Sar Mora, president of the Cambodian Food and Service Workers Federation, said that 80 percent of workers are in debt, which is the main concern these days, adding that despite the expected raise of salaries in 2023, there will also be more work and that it will be employers’ strategy to increase labor production dramatically while cutting down staff.

“Employers will make employees work more, planning higher production and will try to reduce the workforce,” Mora told Kiripost.

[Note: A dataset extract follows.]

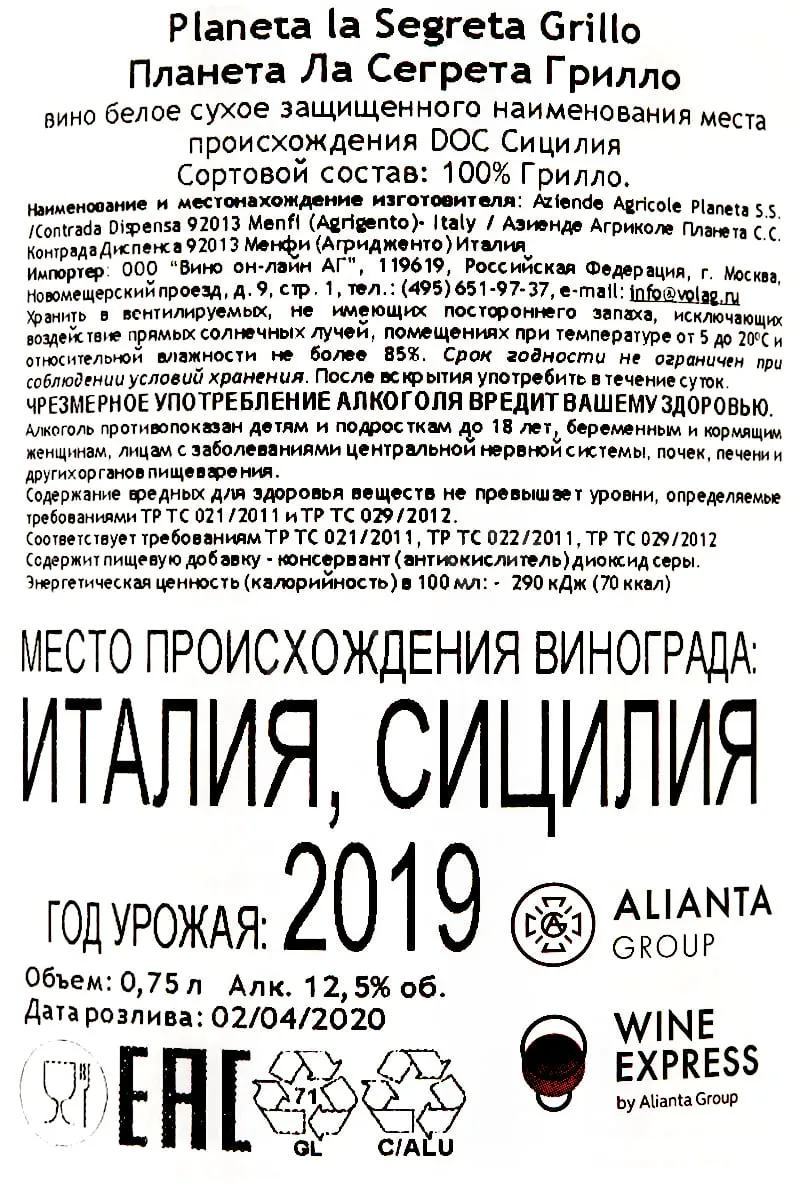 Planeta La Segreta Grillo 2019 0.75 л купить - Итальянское вино Планета Ла Сегрета Грилло цена в магазине г. Москва, ул. Профсоюзная, д. 16/10 10:00-22:00 Ежедневно +7 (495) 920-20-02 info@cru.ru

Mora welcomed the government’s pension fund as “fantastic news”, however, adding that family members should also be covered so workers do not face big expenditures.

Agriculture is forecast to grow 1.1 percent in 2023, and exports of agricultural products will also increase, thanks to free trade agreements with China and South Korea, the budget law states.

Fisheries will grow 0.6 percent, thanks partly to some international funding to boost the sector after a decline of 0.5 percent in 2022.

Construction will see 7.2 percent growth in 2023 on hopes that there will be more foreign investments in the sector to serve the tourism landscape. Real estate is expected to grow 5.2 percent on hopes that people will begin buying more, including condominiums and apartments.

Spread the word globally

As Cambodia heads into 2023, the country continues to outperform in a region already outperforming on a global stage in relation to economic growth, technology adoption and resilience to inflation pressures, said Max Thornton, co-host of Rising Giants podcast.

“We are excited to continue to spread the word globally about the remarkable entrepreneurs, creatives and investors in the country that remain consistent and committed to building the innovation of tomorrow," Thornton told Kiripost.

The hosts of the Rising Giants podcast, Dominic Kalousek and Max Thornton (right). Kiripost/supplied
The hosts of the Rising Giants podcast, Dominic Kalousek and Max Thornton (right). Kiripost/supplied

Thornton said that Rising Giants is the country’s leading entrepreneurship and start-up podcast with an upbeat medium for entrepreneurs, investors and creatives to share their experience working and living.